We shouldn’t get too excited over the fact that Phonetic Matching produces no false negatives. This example paints too rosy a picture, and occasionally there will be some false negatives. But hopefully the few false negatives introduced will be more than compensated for by the reduction in false positives.
Surely Barack Obama won’t be found in the Ellis Island database – he was born 6 years after Ellis Island closed for good, and 37 years after the last entry in the list of 25 million passengers. But that shouldn’t stop us from searching for names that sound like Obama in the database.
Searching for Obama using American soundex gives 781 hits, many of which are false positives. And, of the names rejected, many are false negatives. A search using Daitch-Mokotoff soundex gives 11,584 hits, most of which are false positives. And a search using Phonetic Matching gives just 40 hits, only 2 of which are false positives. The 40 Phonetic Matching hits are shown below.
OK, that’s enough of a marketing pitch. Hopefully it has convinced you that Phonetic Matching is good. Now let’s see how it works.
Phonetic Matching is based on the principal that pronunciation depends on the language. So the first step is to determine the language from the spelling of the name. Then the name is converted into a sequence of phonetic tokens using pronunciation rules specific to that particular language. And, finally, names are compared based on their phonetic-token sequence.

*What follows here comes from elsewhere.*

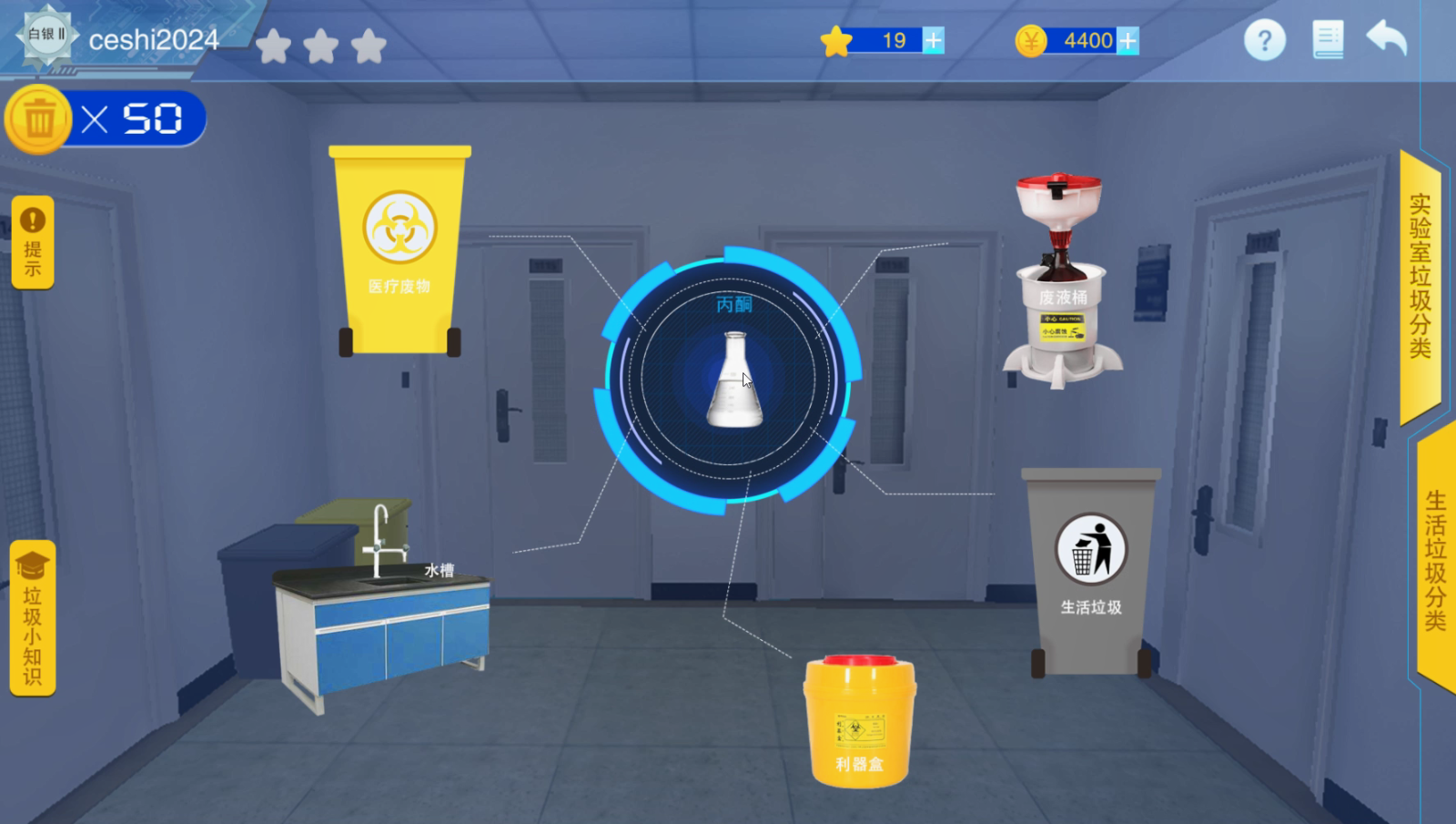 实验室安全系列虚拟仿真实验(APP)内承载专业课程资源,可进行视频课程学习,虚拟实验采用三维人物及场景模型、人物动画等方式全程模拟实验室安全培训课程,通过进行不同实验模块操作,使用户享受虚拟操作的乐趣。实验中包括实验前准备、安全灭火、火灾逃生、钢瓶的使用、高压蒸汽灭菌锅的使用、生物安全柜的使用、腐蚀试剂的应急处理、有机中毒的应急处理、无机中毒的应急处理、垃圾分类等10个实验。
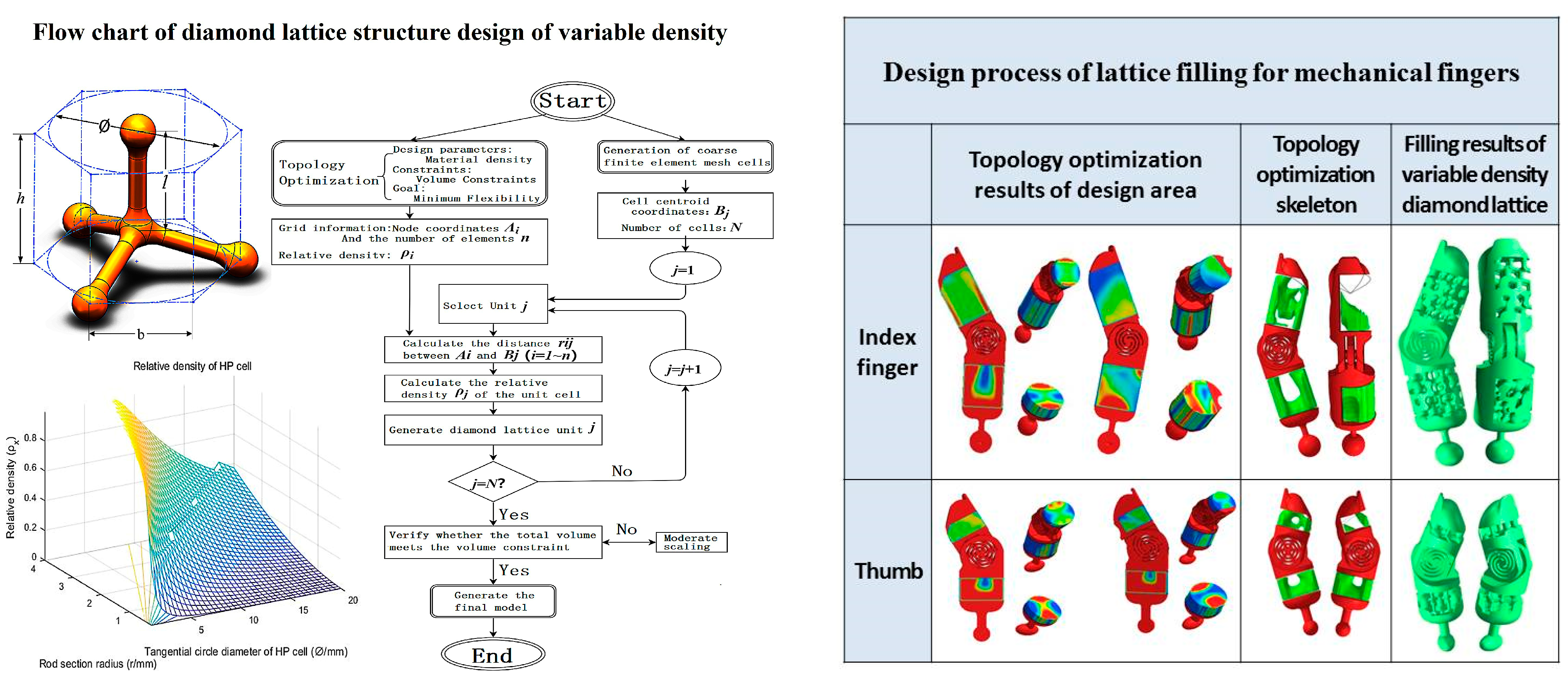 Figure 9 shows the detailed design process of the diamond lattice filling process and variable density lattice filling dactylus.

We have selected a set of languages, and have developed tables for each one. These tables consist of detailed pronunciation rules, as well as rules for determining if a spelling of a name corresponds to the language.
The languages we currently support are Catalan, Czech, Dutch, English, French, German, Greek (in Greek characters as well as translitered into Latin characters), Hebrew, Hungarian, Italian, Polish, Portuguese, Romanian, Russian (in Cyrillic characters as well as various transliterations), Spanish (including its Latin American dialects), and Turkish. New language tables will probably be added in the future.
And for Jewish names we have gone one step further. We have a special variant of Phonetic Matching that is customized for Ashkenazic Jewish names (languages are English, French, German, Hebrew, Hungarian, Polish, Romanian, Russian, and Spanish), and one that is customized for Sephardic Jewish names (languages are Catalan, French, Hebrew, Italian, Portuguese, and Spanish).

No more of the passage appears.